Records from a data source:
####

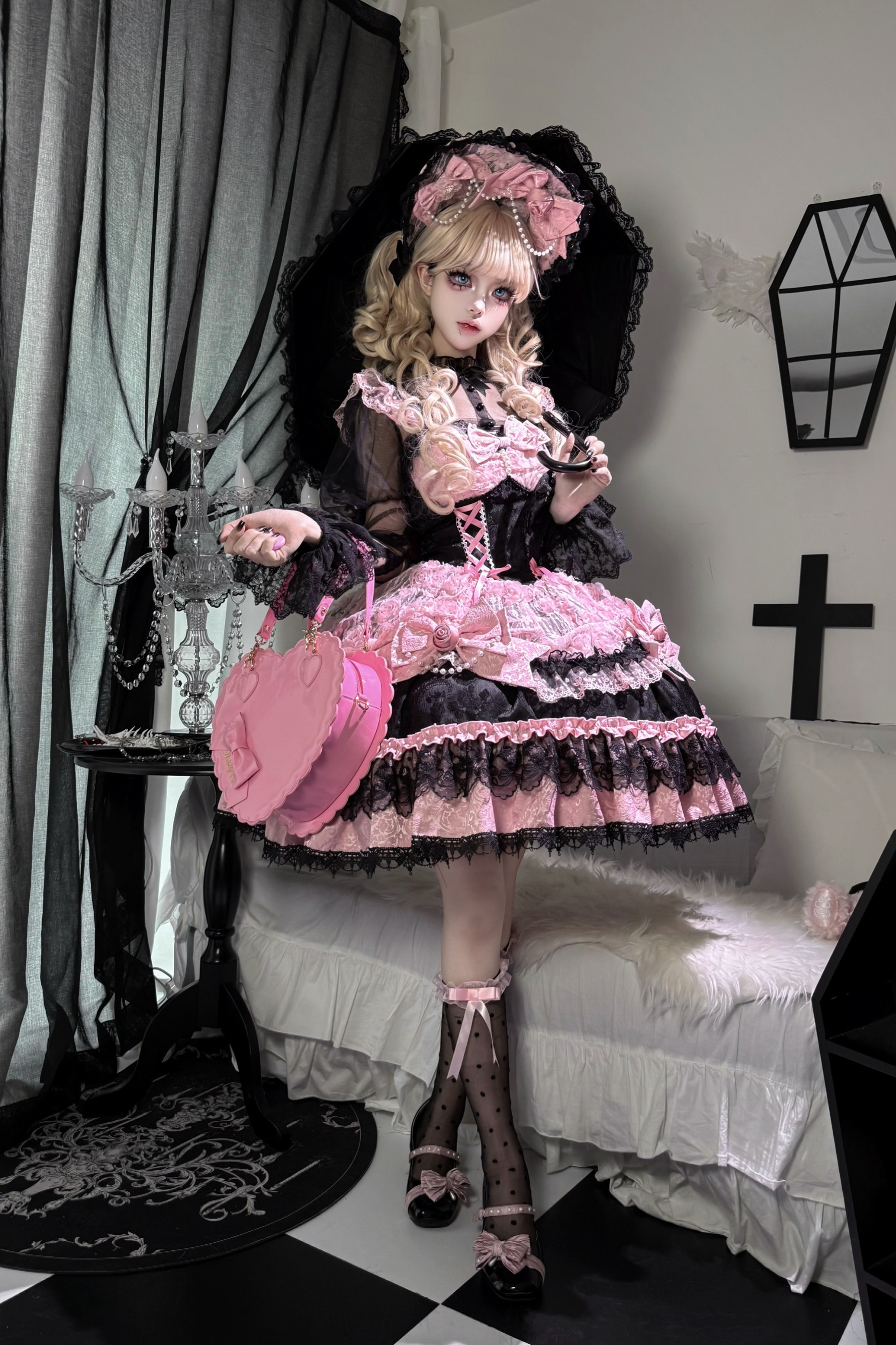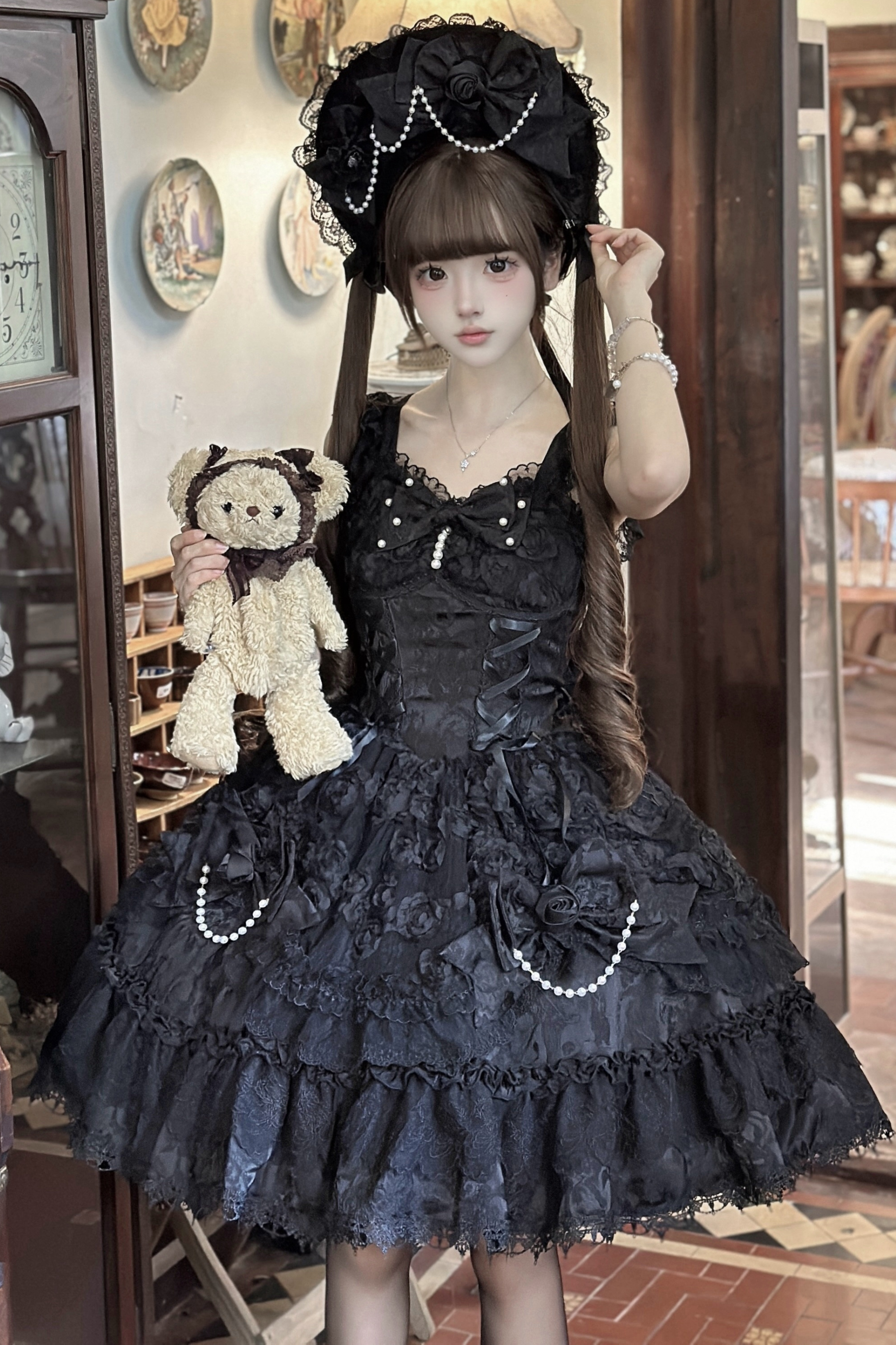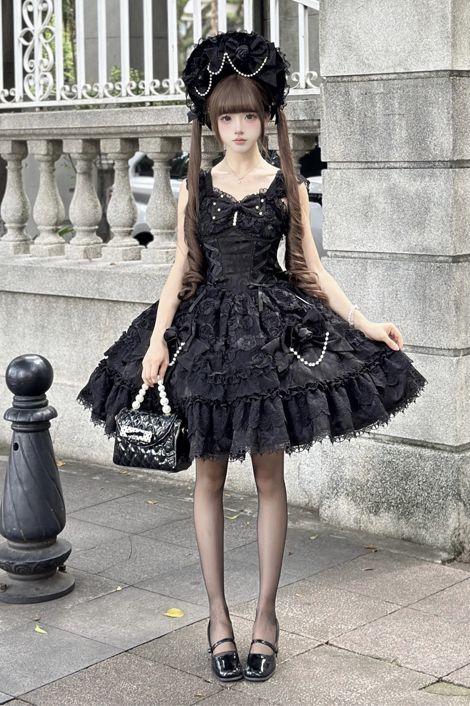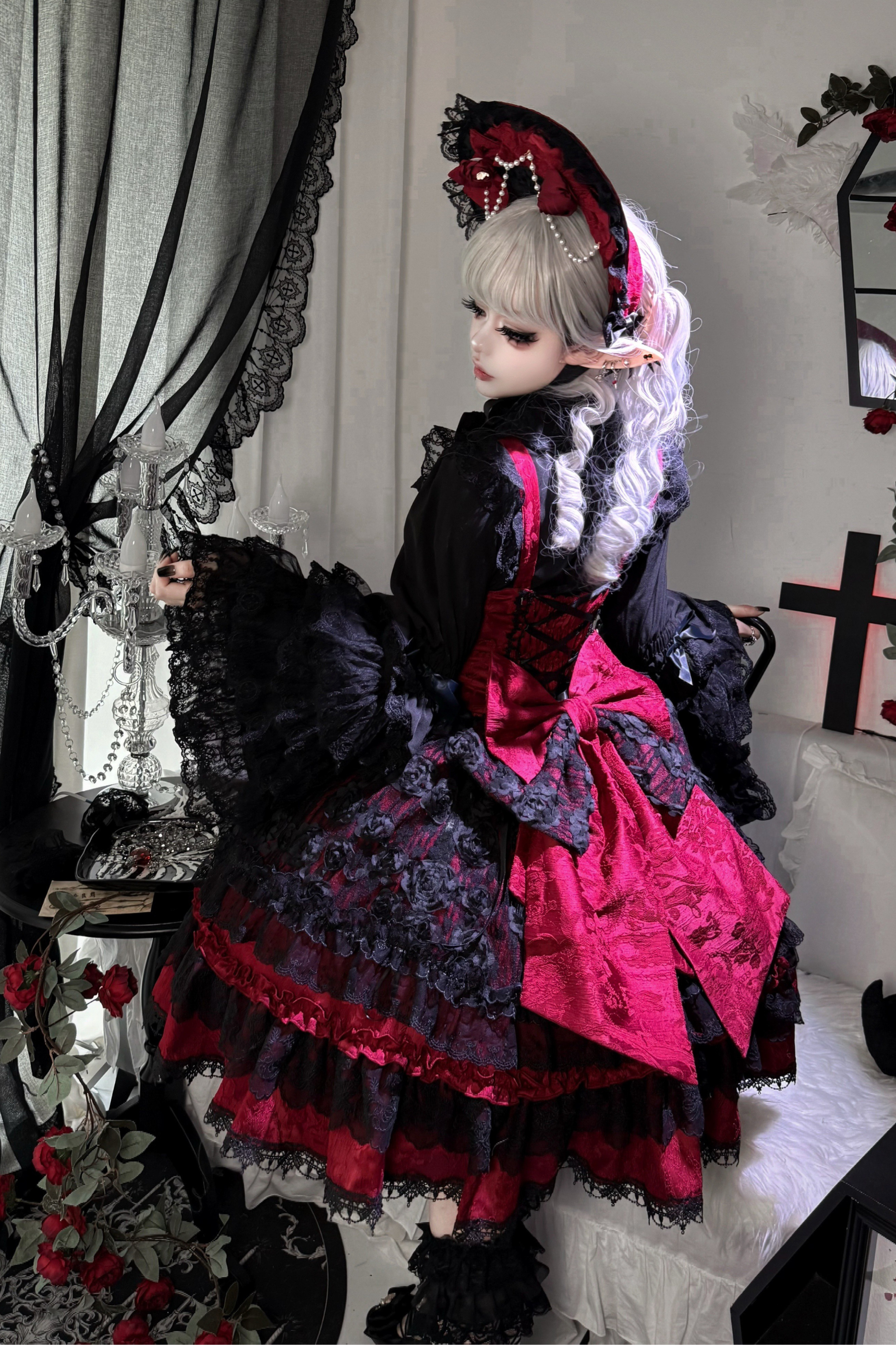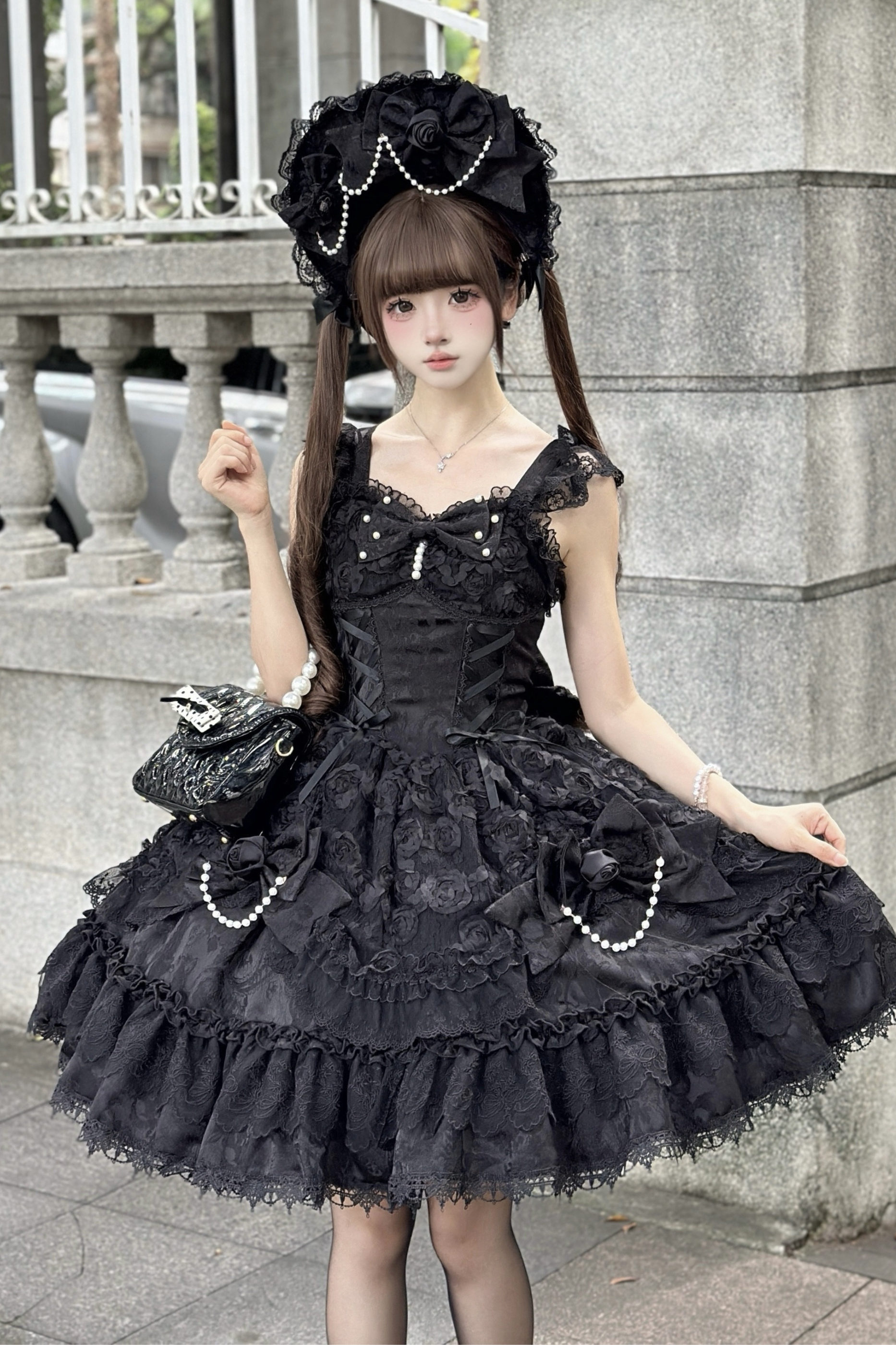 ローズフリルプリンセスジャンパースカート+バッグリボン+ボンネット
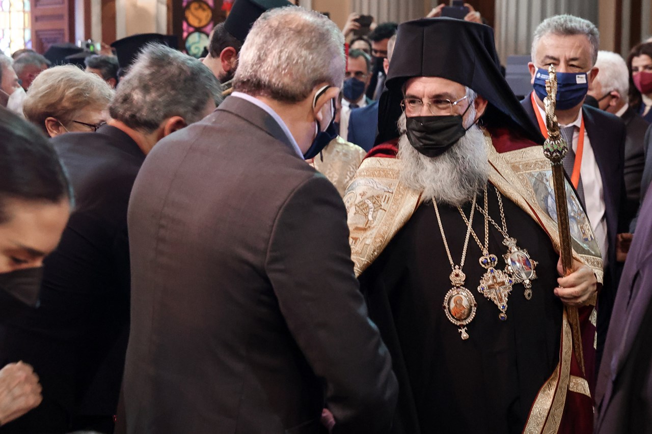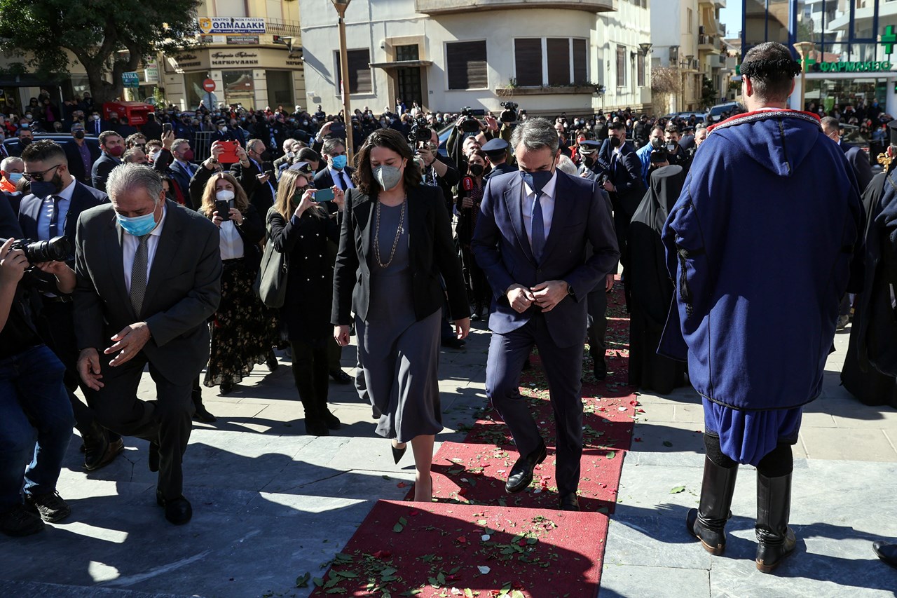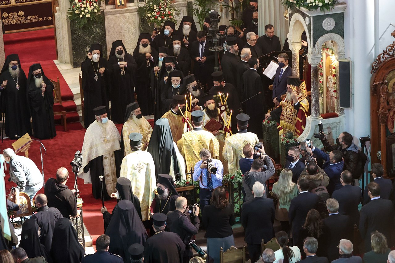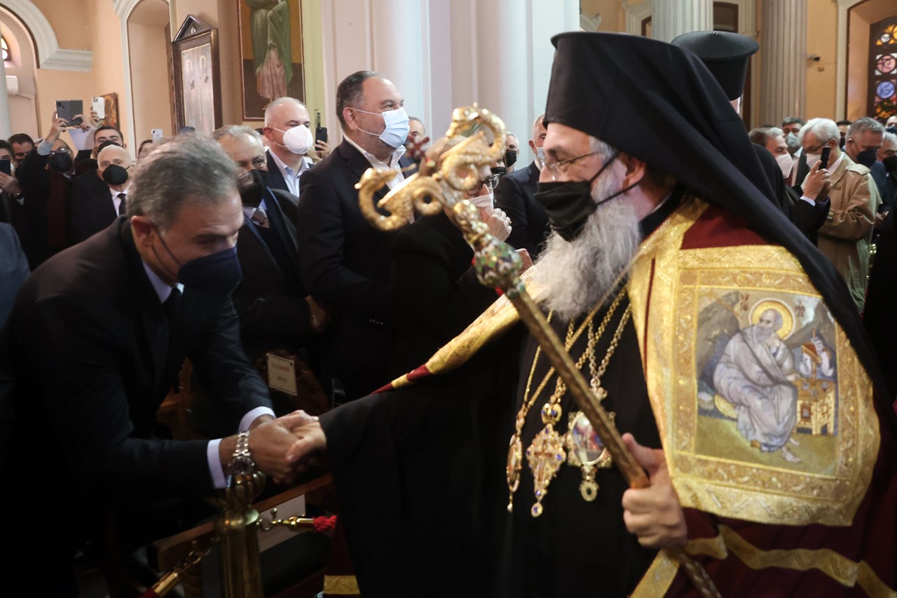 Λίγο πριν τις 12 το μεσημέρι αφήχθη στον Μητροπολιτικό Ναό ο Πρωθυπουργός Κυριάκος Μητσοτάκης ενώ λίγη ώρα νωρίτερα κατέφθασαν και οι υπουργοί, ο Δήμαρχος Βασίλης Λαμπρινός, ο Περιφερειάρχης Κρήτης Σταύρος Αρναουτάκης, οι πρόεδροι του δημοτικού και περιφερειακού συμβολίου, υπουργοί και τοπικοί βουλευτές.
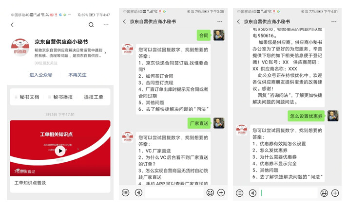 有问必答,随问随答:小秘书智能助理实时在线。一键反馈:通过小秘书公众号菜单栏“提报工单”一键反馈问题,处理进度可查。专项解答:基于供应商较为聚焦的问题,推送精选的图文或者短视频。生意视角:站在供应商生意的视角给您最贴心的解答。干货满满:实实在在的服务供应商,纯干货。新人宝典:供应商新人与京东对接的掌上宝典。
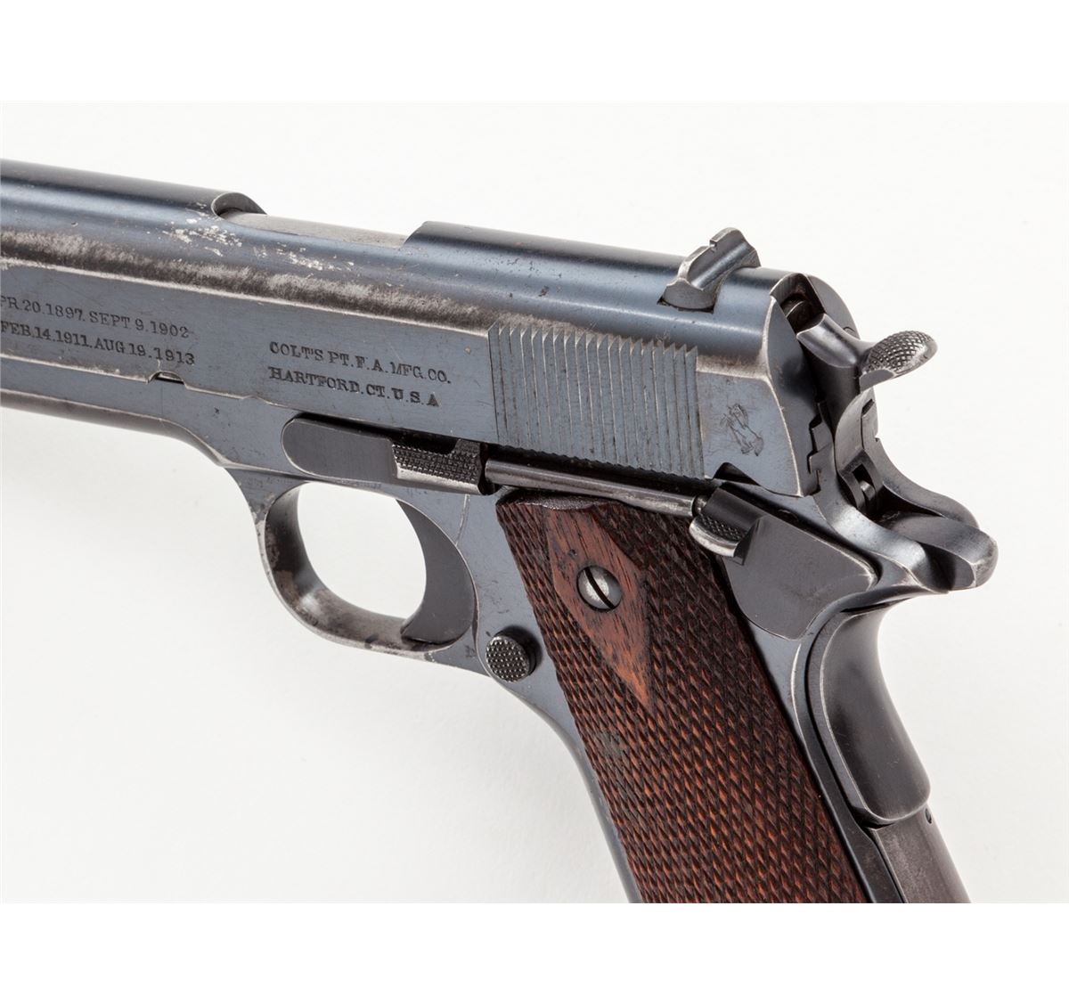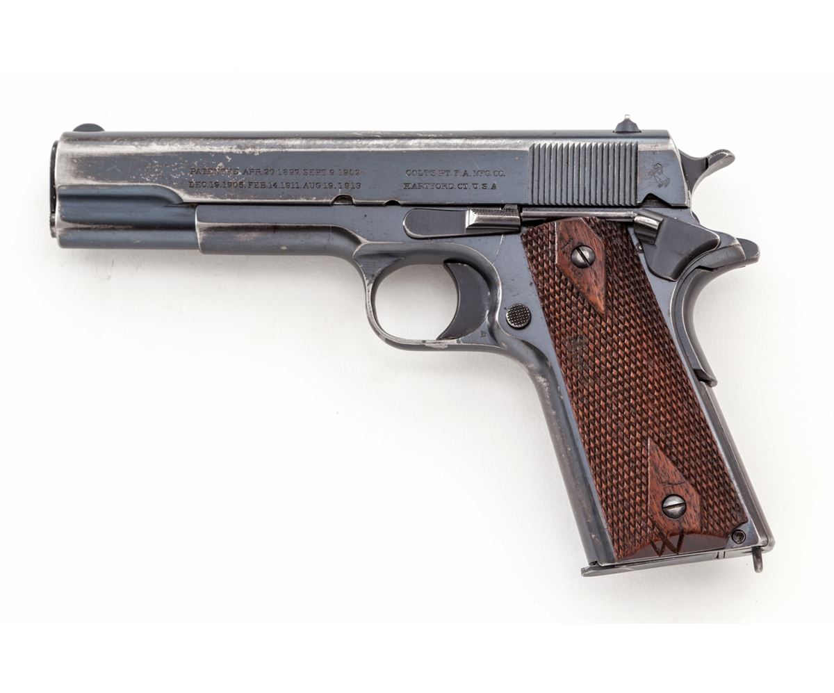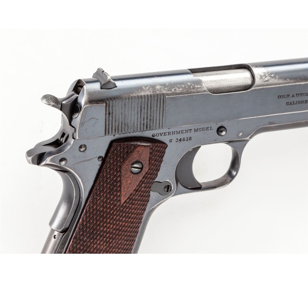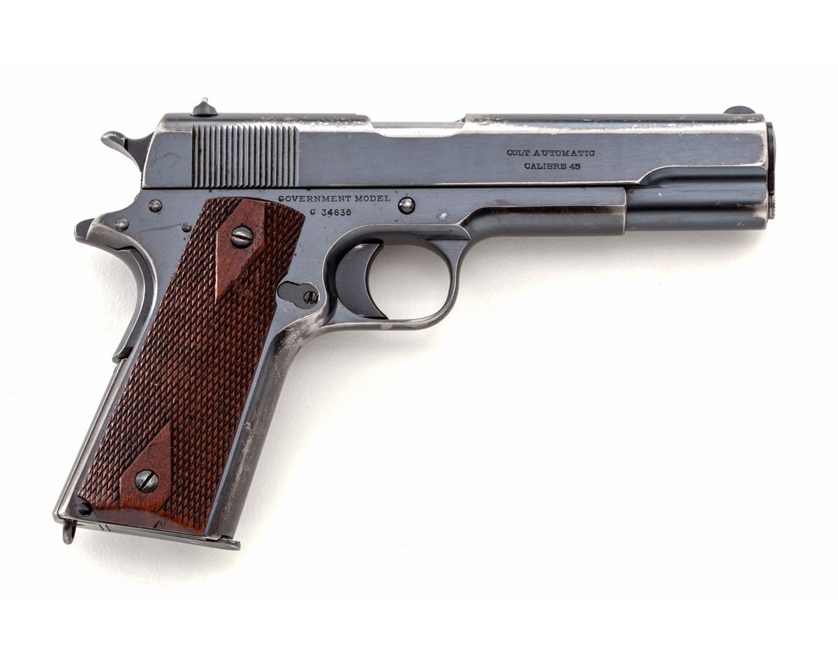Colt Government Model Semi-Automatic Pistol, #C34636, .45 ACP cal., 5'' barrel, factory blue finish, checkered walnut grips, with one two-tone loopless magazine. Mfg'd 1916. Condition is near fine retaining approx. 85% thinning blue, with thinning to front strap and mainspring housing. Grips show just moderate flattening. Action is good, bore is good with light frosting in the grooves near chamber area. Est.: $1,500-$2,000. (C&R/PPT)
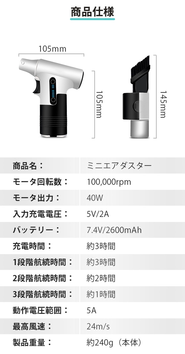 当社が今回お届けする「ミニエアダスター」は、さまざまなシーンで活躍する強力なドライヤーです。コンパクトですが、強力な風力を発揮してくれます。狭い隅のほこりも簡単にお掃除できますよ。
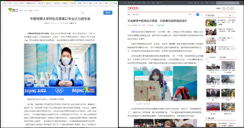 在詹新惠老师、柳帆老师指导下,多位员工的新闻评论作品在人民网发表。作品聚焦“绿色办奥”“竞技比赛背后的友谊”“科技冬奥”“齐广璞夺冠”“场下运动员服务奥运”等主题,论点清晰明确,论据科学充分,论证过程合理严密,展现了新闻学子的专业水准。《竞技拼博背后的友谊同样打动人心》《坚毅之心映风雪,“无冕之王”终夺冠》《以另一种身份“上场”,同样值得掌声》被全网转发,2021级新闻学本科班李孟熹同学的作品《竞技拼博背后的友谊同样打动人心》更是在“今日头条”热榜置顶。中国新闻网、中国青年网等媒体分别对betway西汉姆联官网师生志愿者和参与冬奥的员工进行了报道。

####

To do:
Retype all the entries word for word; the pictures stay out.

Response below:
 ローズフリルプリンセスジャンパースカート+バッグリボン+ボンネット
 Λίγο πριν τις 12 το μεσημέρι αφήχθη στον Μητροπολιτικό Ναό ο Πρωθυπουργός Κυριάκος Μητσοτάκης ενώ λίγη ώρα νωρίτερα κατέφθασαν και οι υπουργοί, ο Δήμαρχος Βασίλης Λαμπρινός, ο Περιφερειάρχης Κρήτης Σταύρος Αρναουτάκης, οι πρόεδροι του δημοτικού και περιφερειακού συμβολίου, υπουργοί και τοπικοί βουλευτές.
 有问必答,随问随答:小秘书智能助理实时在线。一键反馈:通过小秘书公众号菜单栏“提报工单”一键反馈问题,处理进度可查。专项解答:基于供应商较为聚焦的问题,推送精选的图文或者短视频。生意视角:站在供应商生意的视角给您最贴心的解答。干货满满:实实在在的服务供应商,纯干货。新人宝典:供应商新人与京东对接的掌上宝典。
Colt Government Model Semi-Automatic Pistol, #C34636, .45 ACP cal., 5'' barrel, factory blue finish, checkered walnut grips, with one two-tone loopless magazine. Mfg'd 1916. Condition is near fine retaining approx. 85% thinning blue, with thinning to front strap and mainspring housing. Grips show just moderate flattening. Action is good, bore is good with light frosting in the grooves near chamber area. Est.: $1,500-$2,000. (C&R/PPT)
 当社が今回お届けする「ミニエアダスター」は、さまざまなシーンで活躍する強力なドライヤーです。コンパクトですが、強力な風力を発揮してくれます。狭い隅のほこりも簡単にお掃除できますよ。
 在詹新惠老师、柳帆老师指导下,多位员工的新闻评论作品在人民网发表。作品聚焦“绿色办奥”“竞技比赛背后的友谊”“科技冬奥”“齐广璞夺冠”“场下运动员服务奥运”等主题,论点清晰明确,论据科学充分,论证过程合理严密,展现了新闻学子的专业水准。《竞技拼博背后的友谊同样打动人心》《坚毅之心映风雪,“无冕之王”终夺冠》《以另一种身份“上场”,同样值得掌声》被全网转发,2021级新闻学本科班李孟熹同学的作品《竞技拼博背后的友谊同样打动人心》更是在“今日头条”热榜置顶。中国新闻网、中国青年网等媒体分别对betway西汉姆联官网师生志愿者和参与冬奥的员工进行了报道。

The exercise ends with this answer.